Decision support systems are frequently build within the framework of a Geographical Information Systems (GIS), which provide a convenient platform for handling, compiling and presenting large amounts of spatial data essential to river basin management; and since GIS technology is often linked to information and knowledge management systems and is readily available to most governmental entities, a high degree of transparency in decision-making for stakeholders can be achieved. Spatial decision support systems (SDSS) combine GIS and DSS technologies to aid spatially based decision-making. A SDSS is designed to solve complex spatial problems with the main focus of design oriented towards decision-makers. Usually GIS tools do not allow for a direct interaction with the data for decision making, but an accordingly formatted integrated system containing only relevant pre-processed information using web based and GIS enabled graphical user interfaces with relational databases, visualization techniques, analysis tools and decision logic strongly enables managers and decision makers to obtain answers to critical questions and to interactively explore the outcomes of different strategies. Existing applications of Decision Support Tools demonstrate the benefits of Decision support systems (DSS) for cost-effective information management and have proven to be reliable and effective tools in the integrated management enabling professional communication between scientists, managers, decision makers, major stake holders and the public and also in the communication of conditions and decisions. After KJELDS typical DSS interactive and integrated components are:

Data and information management: The data and information component is key and central in developing a DSS. The focus is integrating database and connecting data islands into a dynamic framework with advanced display, mapping, query and presentation capabilities.

Analysis and modelling: The data framework provides the basis for further analysis and interpretation of data and information.

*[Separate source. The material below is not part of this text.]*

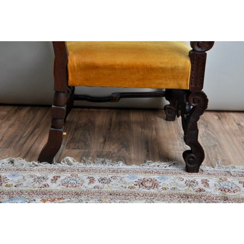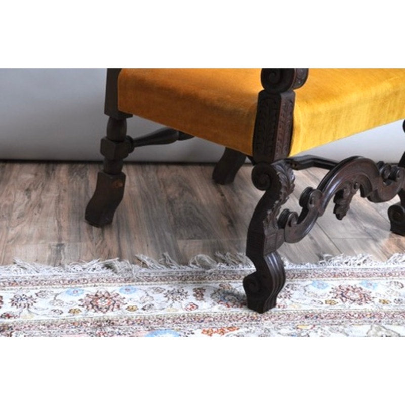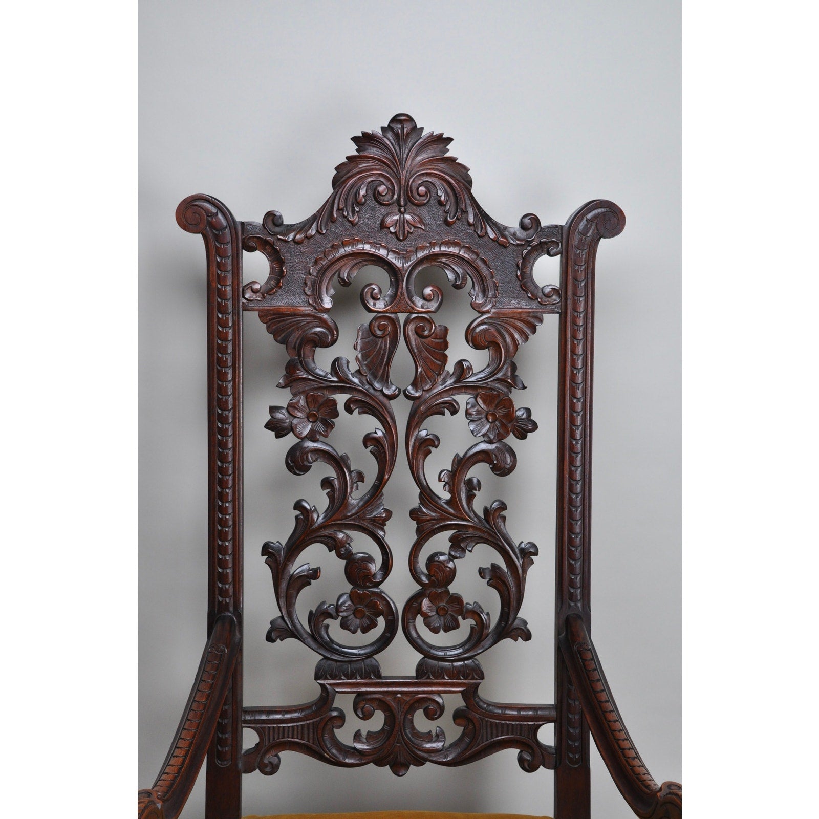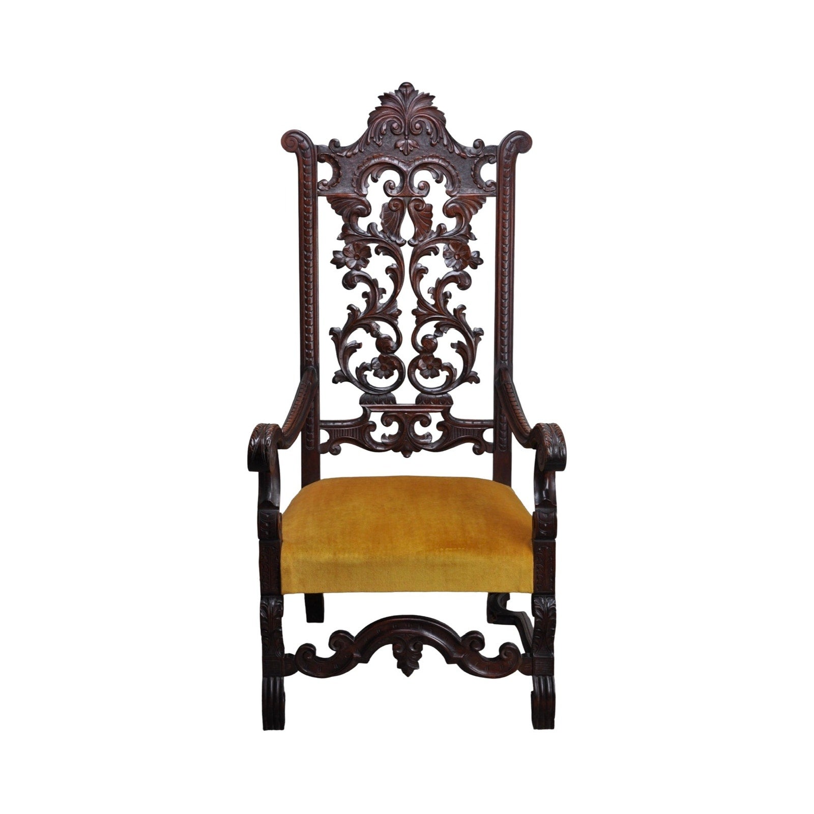 Upholstered in sumptuous golden velvet, the seat provides a luxurious contrast to the rich, dark wood, offering comfort that invites one to sit and enjoy its grandeur. This upholstery complements the chair’s sophisticated aesthetic, enhancing its overall appeal and providing a plush seating experience.

Depending on stage and scope of the DSS the analysis can range from simple to complex including statistical and numerical models, economic and cost/benefit as well as User Defined and Custom tools Scenario management and alternative formulation: The DSS framework is capable of supporting and providing information (costing and prioritization) for project feasibility and planning projects as well as design and implementation. Upon implementation the project may have an operations component that requires real time and online decision making.

Decision making: Customizable GIS and Web based interfaces are tailored to meet specific needs and requirements. Advanced graphics, on-line access, custom rules and interpretations can be embedded into the DSS to support and provide the basis for decision makers to make timely, reproducible and well informed decisions.

Web based spatial decision support:

Due to the rapid growth of the internet and the related technologies, increasingly, web-based approaches to GIS and web based spatial decision support have gained in importance. This enables strongly the ability of researchers, regulatory agencies, planners, and consultants to share data, models, tools, and other information with potential users. The benefits of using the internet for SDSS has been documented by many researchers, and the major advantages of a WSDSS after DYMOND include the following:

1. Communication between and among field experts, decision makers, and stakeholders can be greatly improved.

2. Model accessibility is improved as the user only needs a browser—no GIS tools or databases.

3. Updated models are always available on the web server so that distribution is not a problem and administration issues of the software and hardware are centralized.

4. As a web-based model, there is inherent cross-platform flexibility.

5. Data input into the model can be verified at the server level by experts, data pre-processing needed is done by experts.

6. Models that require intensive CPU operations can optimally be run on high level servers.